Теперь у нее с мужем была общая спальня — впервые в жизни. Пока они жили в отдельных комнатах, их любовь была обречена на неожиданности и не имела пристанища — ни разу не провели они вместе ни одной ночи. Можно им простить, что свою любовь они называли «цыганской». И когда в первую ночь они оказались в спальне, где наконец-то их ореховые кровати, ночной столик, комод и шкаф собрались вместе, как семья после разлуки; когда загорелась маленькая лампочка под розовым абажуром — обоим стало стыдно. Они принялись жаловаться на утомительный день и, издали пожелав друг другу спокойной ночи, улеглись каждый в свою постель. Старые доски, наспех сколоченные час назад, еще не сели как следует в пазы и немилосердно скрипели. Альбин и Зофья притаились, не смели шевельнуться, притворялись, что спят, и, раздраженные этим неожиданным неудобством, полночи провели без сна, стараясь лежать тихо.
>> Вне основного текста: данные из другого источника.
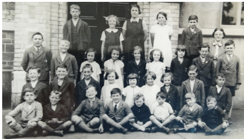
From about 1938/1939.....
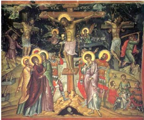
Theophanes the Cretan, Crucifixion , c. 1550

Standing by the cross of Jesus were his mother and his mother's sister, Mary the wife of Clopas, and Mary of Magdala. When Jesus saw his mother and the disciple there whom he loved, he said to his mother, "Woman, behold, your son." Then he said to the disciple, "Behold, your mother." And from that hour the disciple took her into his home.
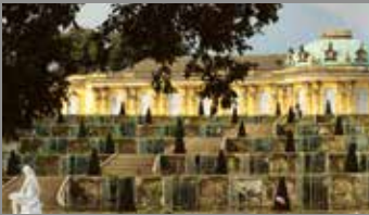
Sanssouci Palace in Potsdam
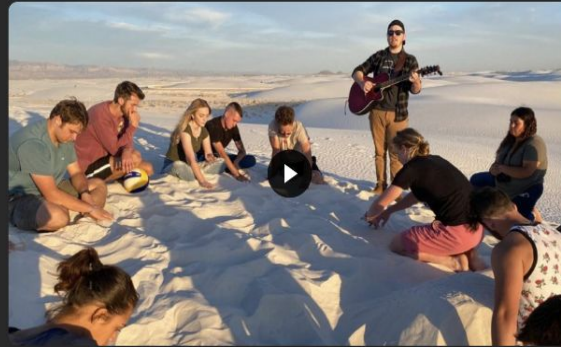
Tenth Hour Project
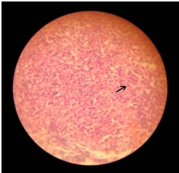
Fig-4: Tubercular granuloma

Fig-3a & 3b: Soft tissue mass at antero-lateral aspect of orbit
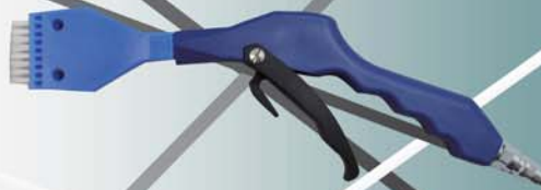
WT-0510LC4 (Soft Brush, Size: Ø0.2*1cm)
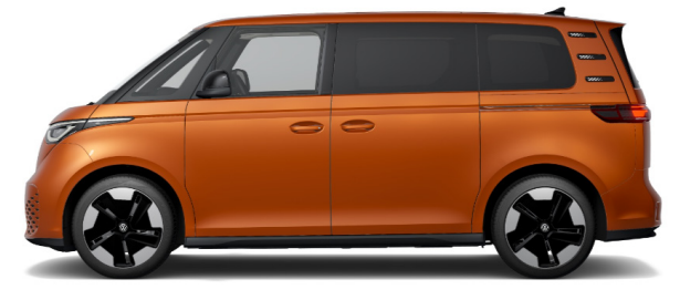
Energetic Orange Metallic<sup>1</sup>
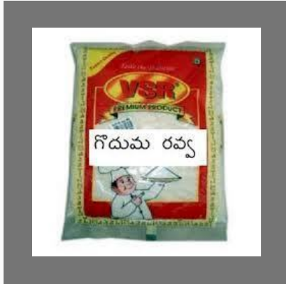
Vsr Broken Wheat
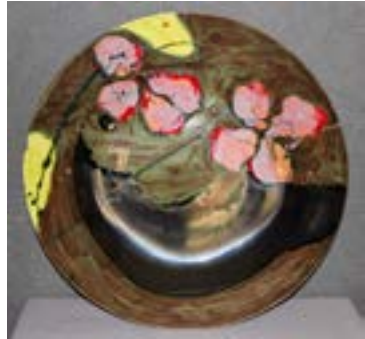
JENNIE BECKER Wichita, KS Stay the Course 22" x 22" $1,000
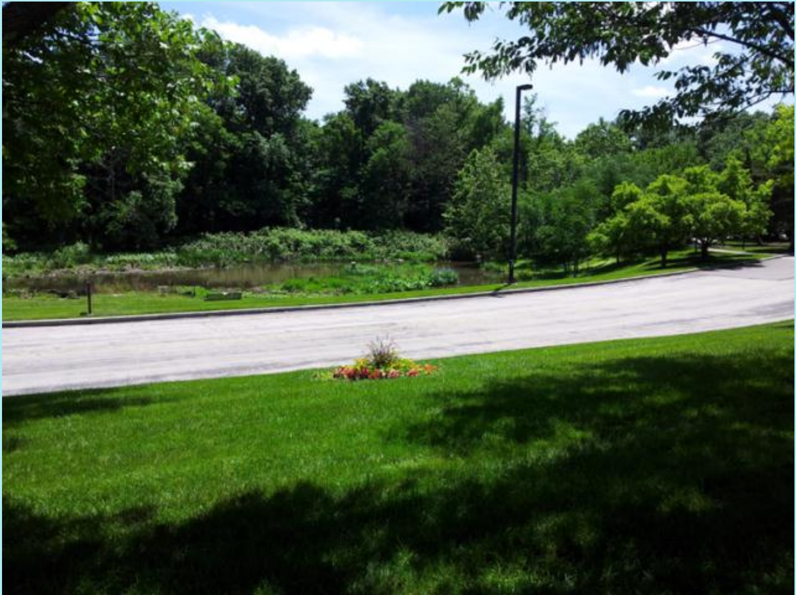
The Wetlands as seen from the path by Founder's Grove.
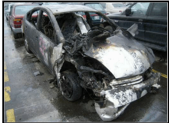
Figure 1. Front right, 2005 Toyota Prius

This single vehicle crash occurred in March 2007 at 1245 hours. The crash occurred on private property just beyond an interstate off ramp. The case vehicle was a 2005 Toyota Prius driven by 66-year-old male. The driver indicated that he had recently purchased the vehicle. As he was returning from the dealership, the driver indicated that the vehicle began accelerating. The driver stated that he applied both the service brakes and the parking brake, but the vehicle would not stop. The vehicle left the initial roadway, traveled down an off ramp and eventually entered the parking lot of a convenience mart store. The vehicle continued on and struck the convenience mart with its front end. The vehicle penetrated the store. A clerk was temporarily pinned behind a counter. The vehicle then caught on fire. The fire department arrived shortly after the crash. They put out the fire but were concerned by the high voltage system and the possibility of electrocution. After the fire was put out, fire inspectors contacted a local automobile dealership who then sent a service technician to the site to deactivate the power leads for the rear traction battery 1 by pulling the battery service plug. The driver of the case vehicle was able to exit the vehicle under his own power. He did not sustain any injuries.
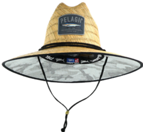
LIGHT GREY 1205202000 | LGY
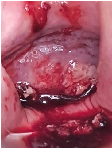
Figure 1: Ulcerate, budding and bleeding on contact cervical cancer.

The most represented histological type was squamous cell carcinoma in 95% of cases and adenocarcinoma was represented by two cases (3%) and 1 cases of sarcoma (2%) (Figure 2). The stage of extension most represented was locoregional stage in 70% of cases followed respectively by the local stage and metastatic stage in 16% of cases and in 14% of cases (Table 3). To the patients that received treatment (47%), the most represented treatment was chemotherapy in 56% of cases followed by radiochemotherapy in 37% of cases, followed by the association of radiotherapy+chemotherapie+surgery in 7% of cases. No patients received surgery or radiotherapy alone (Table 4).
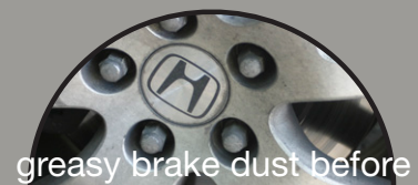
greasy brake dust before
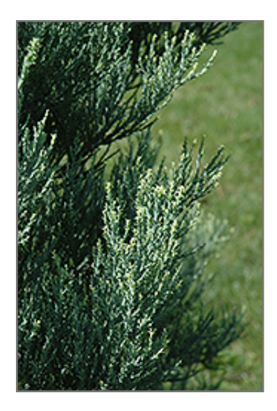
Hazel Smith Giant Sequoia foliage
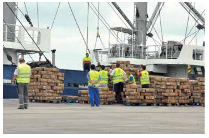
Dock workers organising frozen fish into boxes in Las Palmas

The EU IUU Regulation has great potential to stop the trade in illegal fish products into the world's largest seafood market and so discourage IUU fishing worldwide, but it is critical that it is fully implemented.
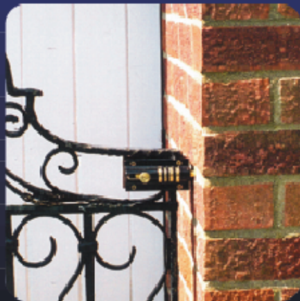
No need to keep track of keys!

The Combi-Bolt offers an innovative keyless security solution without the need to hassle with or losing keys. Great for sharing access with others and the combination can be easily reset at any time. The Combi-Bolt offers versatile, easy-to-install keyless security for a wide variety of applications.
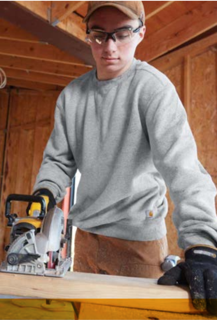
Midweight Crewneck Sweatshirt CTK124
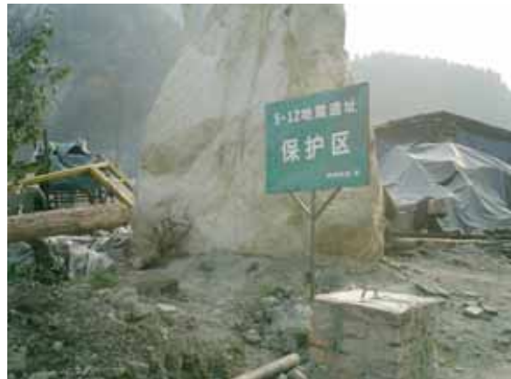
Protected epicenter district of Wenchuan County
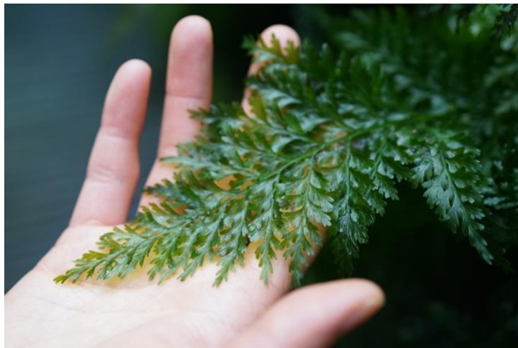
Figure 1 Hiro and Stevie in the filmy fern house
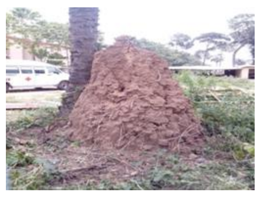
Figure 2. Type II Anthill Located at Afe Babalola University, Ado Ekiti, Nigeria on an Elevation of 1165 ft. above sea level, having latitude (N7°36. 409) and longitude (E005°18.627)
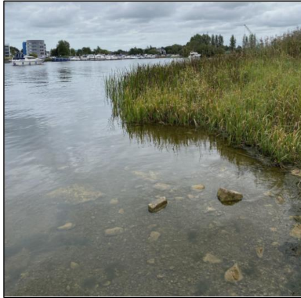
PLATE 1. Golden Mile, Athlone, River Shannon, County Westmeath, 18 September 2022.
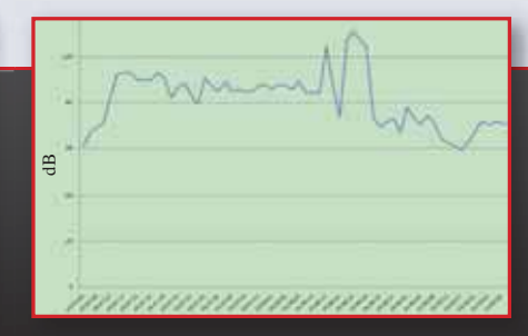
Typical Excel Plotted Data
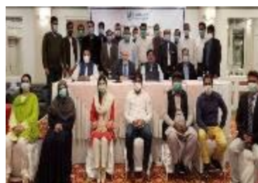
District Monitors Training Group Photo

A Training workshops for district monitors was conducted on 13-14 November 2020 in Islamabad followed by one in Lahore on 16-17 November 2020 on orientation and planning of TCV campaign. These 36 District Monitors were hired for TCV campaign by CTC and supported by WHO. All aspects of routine immunization and TCV campaign were briefly discussed including micro planning, readiness assessment tool and other aspects for a successful implementation of future TCV catch-up campaign.
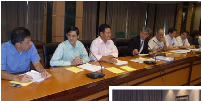
Left: Members of STA

On 10 September 2008, the team paid a visit to STA where they met up with Members of the STA Certification Committee. ❁
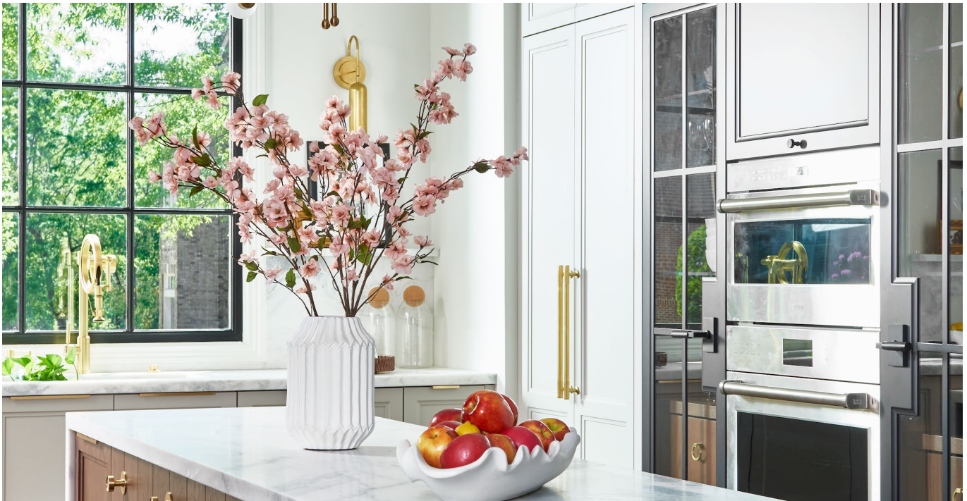
Design: Jerel Lake | Photo: Marc Mauldin

CEUs provide the opportunity for individuals to have recognition of their efforts to update or broaden their occupational knowledge, skills or attitudes. By ensuring that all certified designers maintain an adequate level of knowledge, the NKBA will assist in building consumer confidence and trust in the profession. Both designers and consumers are better protected in a highly educated marketplace.
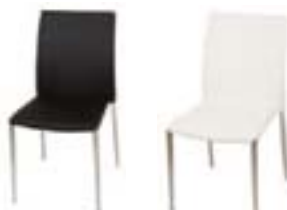
CH116 BELLA CHAIR Black, White 18"Wx20"Dx19"H
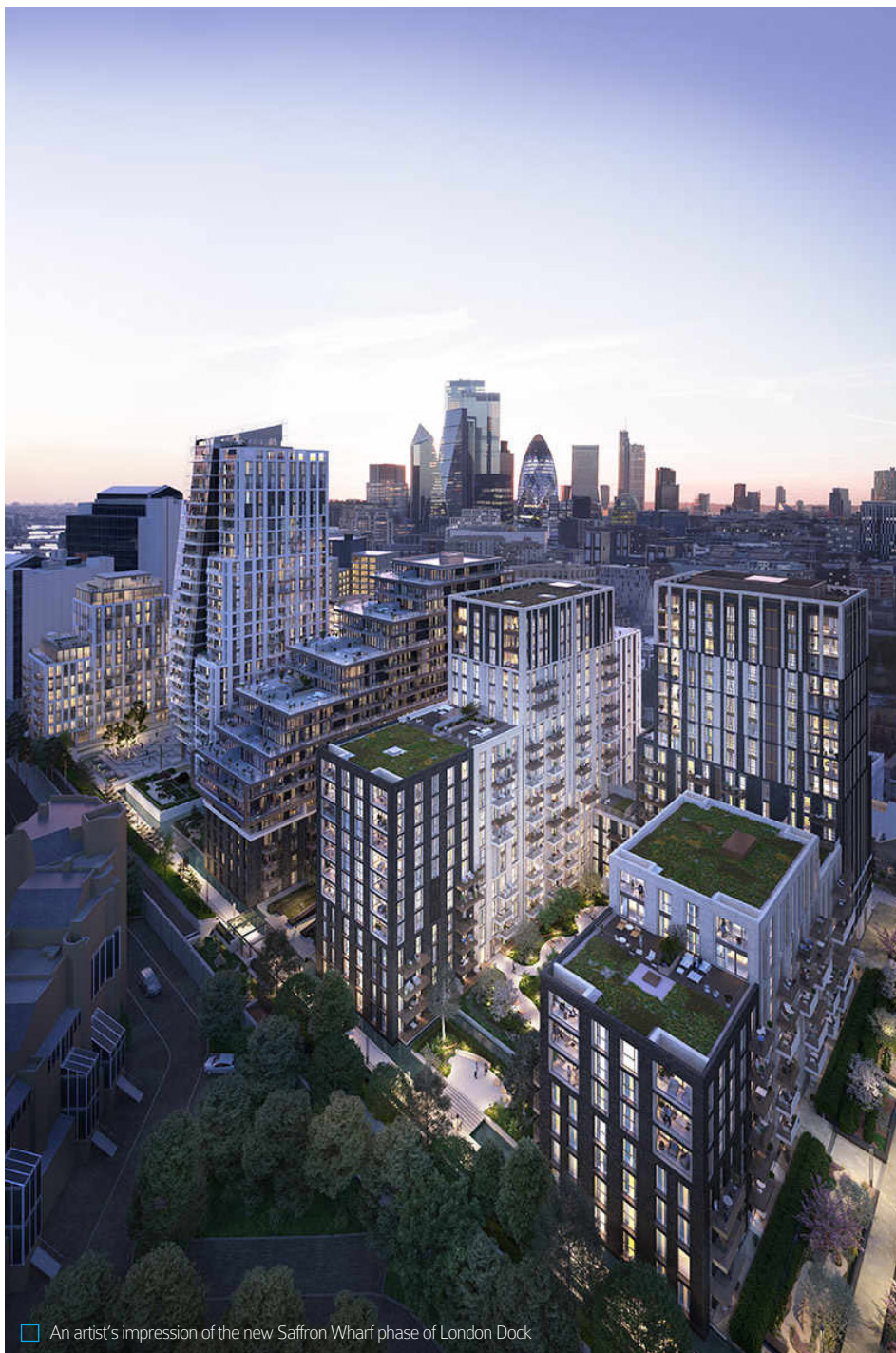
□ An artist's impression of the new Saffron Wharf phase of London Dock

The latest phase of London Dock is to have its mechanical and electrical systems installed by J S Wright.
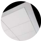
Axiom® Classic, Knife Edge®
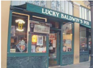
Lucky Baldwin's Pub

The Novel Café $$ 1713 E. Colorado Blvd., Pasadena (626) 683-3309 Breakfast, brunch, and modern American fare. Frequented by college students.
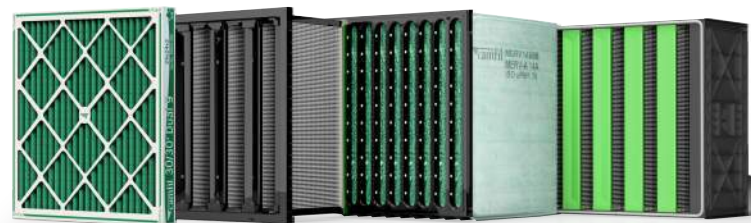
30/30 ® Dual 9 Durafil ® ES 2 Hi-Flo ® ES Absolute ® VG

Prefilter: 30/30 Dual 9, Hi-Flo ES or Durafil ES 2 Followed by: Absolute VG ® , Filtra 2000 ® or XH Absolute ®
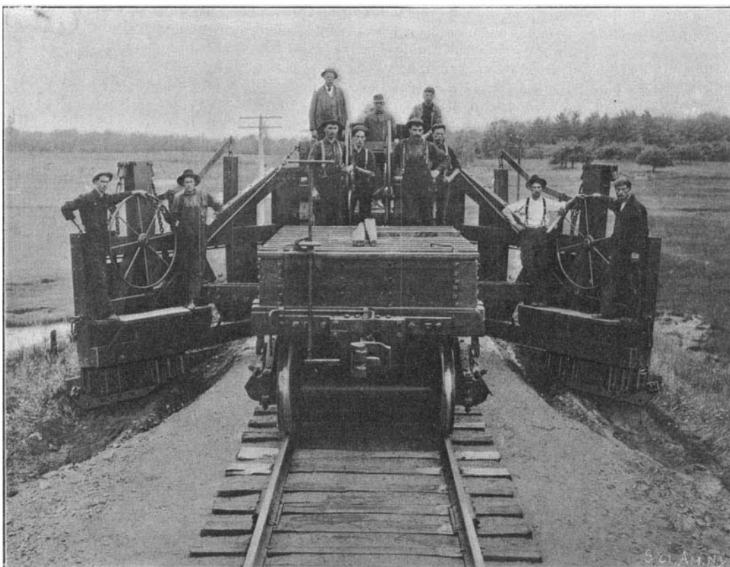
SHOULDERING CAR FOR TRIMMING ROADBED.

The dunes of Gascony are most remarkable. They rise, in one case, as high as 290 feet and very frequently rise to 130 feet over a belt of several miles wide and 150 miles long. Near the sea the ridges lie north and south, parallel with the shore. Further inland they trend east and west, parallel to the prevailing winds. Fields and forests were buried and the villages were overwhelmed by the advancing sand; mouths of streams were blocked and lagoons were pushed inland, invading and drowning fields and villages. Now, says Science, after many years of "experimental effort and nearly a century of systematic work, the advancing dunes have been arrested. A half artificial dune or dike runs along the beach with a very gentle slope to the sea. Here the wear of the winter storms must be repaired during the succeeding summer. Next follows a protection zone, 1,000 to 5,000 feet wide, covered with stunted firs and bushes where the first strength of the sea wind is expected. Then comes the great artificial forest of firs and oaks, under whose cover the invasion of the dune has entirely ceased.
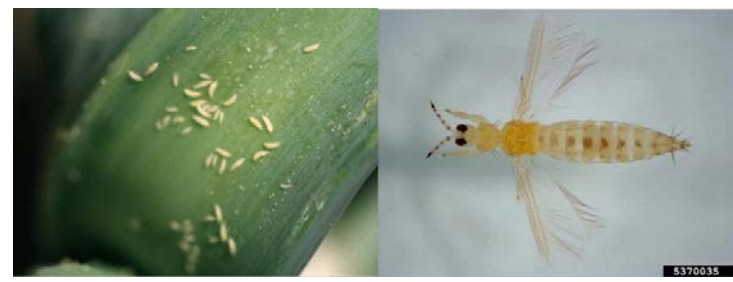
Figure 8. Onion thrips (left) and western flower thrips (right), two important vectors of TSWV in NM (Left photo: Whitney Cranshaw, Colorado State University; Right photo: Jack T. Reed, Mississippi State University).

Virus Transmission - TSWV is transmitted from infected plants to healthy plants by at least ten species of thrips. Thrips are tiny (approximately 1/16th of an inch) winged insects that feed on plants through sucking mouthparts (Fig. 8). Thrips transmit the virus in a persistent propagative manner, which means that once the insect has picked up the virus, the virus replicates within the insect and it is able to transmit the virus for the remainder of its life. The virus is not passed on from adult to egg; however, progeny that develop on infected plants will quickly pick up the virus and be an effective disease vector.
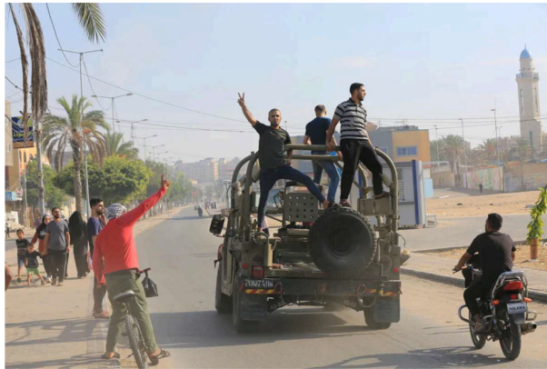
Palestinians ride on an Israeli military vehicle taken by Hamas militants during its coordinated attack on October 7, near the Gaza Strip fence.

At the time, Netanyahu leaked to the media the contents of a presentation that the military had made to the security cabinet laying out the potential repercussions of conquering Gaza. The premier knew that the secret document, which noted that occupying Gaza would cost the lives of hundreds of soldiers, would create an atmosphere of opposition to a widespread ground invasion.
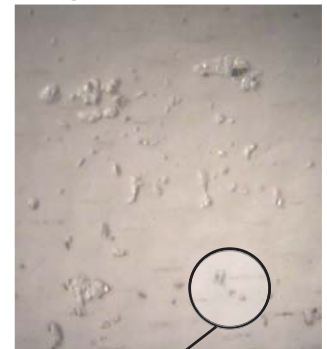
Thermoplastic with a Porous Surface which can trap dirt and moisture
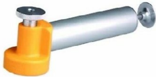
Oil Sample Pumps

Being a vital tool in understanding the health of your hydrocarbons and equipment, we can provide test kits, analysis, and the equipment required for you to monitor the condition of your equipment.
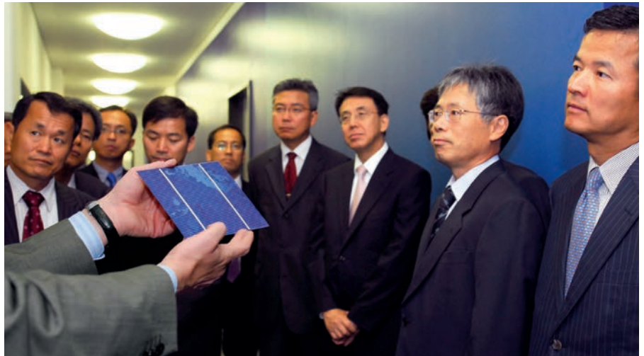
LEG Thüringen maintains close relations all over the world. Already in 2008, a Korean delegation visited solar companies in Arnstadt. Now, entrepreneurs from Thuringia will travel to Korea.
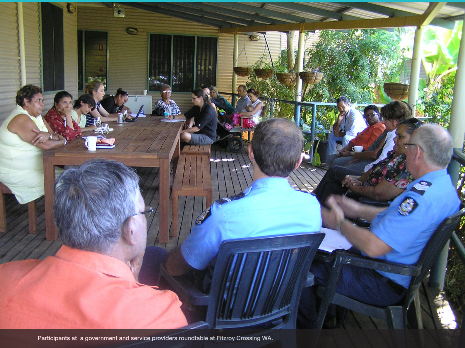
Participants at a government and service providers roundtable at Fitzroy Crossing WA.
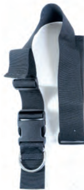
208-1032 Crotch strap 5cm
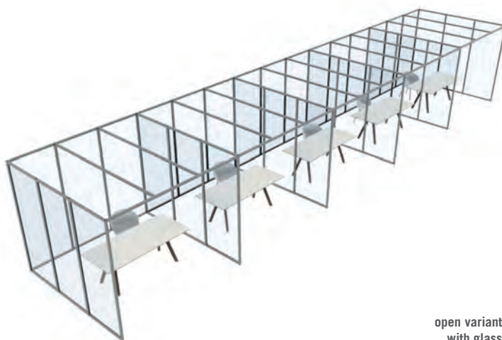
open variant with glass

Когда был вбит последний гвоздь и прислуга в последний раз стерла на навощенном паркете следы дворницких сапог, пани Зофья, опершись на метелку для пыли, как на трость, и пан Альбин, скрестив руки на груди, молча предались созерцанию своего нового гнезда. Они сами не знали, что о нем сказать — они питали привязанность к старой своей мебели и в то же время понимали, что на новом месте она имеет жалкий вид.
Мебель Гродзицких была непривычна к яркому свету и простору; казалось, что столы, стулья и другие предметы, оробевшие, недоверчивые, устрашенные, словно бы сгорбились, поджали ноги, отвернулись к стенам. В гостиной кушетка, полдюжины стульев и круглый стол сгрудились тесной испуганной кучкой, как потерпевшие кораблекрушение на острове, которым здесь служил плюшевый ковер; ни на дюйм не переступали они за его края, залитые со всех сторон пустынной, скользкой, блестящей гладью паркета. Они не узнавали себя в зеркале, которое, сверкая, надменно отражало их униженный, смиренный вид, внезапно став настолько чужим, что они не признали бы в нем старого мечтателя с вечно затуманенным взором, если б не та же самая резная рама, та же консоль с мраморной плитой и стоящее под стеклянным колпаком распятие из величской соли. Далеко-далеко, на неведомом берегу, тосковал их старый, испытанный товарищ — гипсовая подставка, прикрытая голубым плюшем, служившая подножьем гипсовому амуру, и столик, на котором стояла пальма, а уж картины, те разбежались во все концы, словно многолетняя дружба — это ничто.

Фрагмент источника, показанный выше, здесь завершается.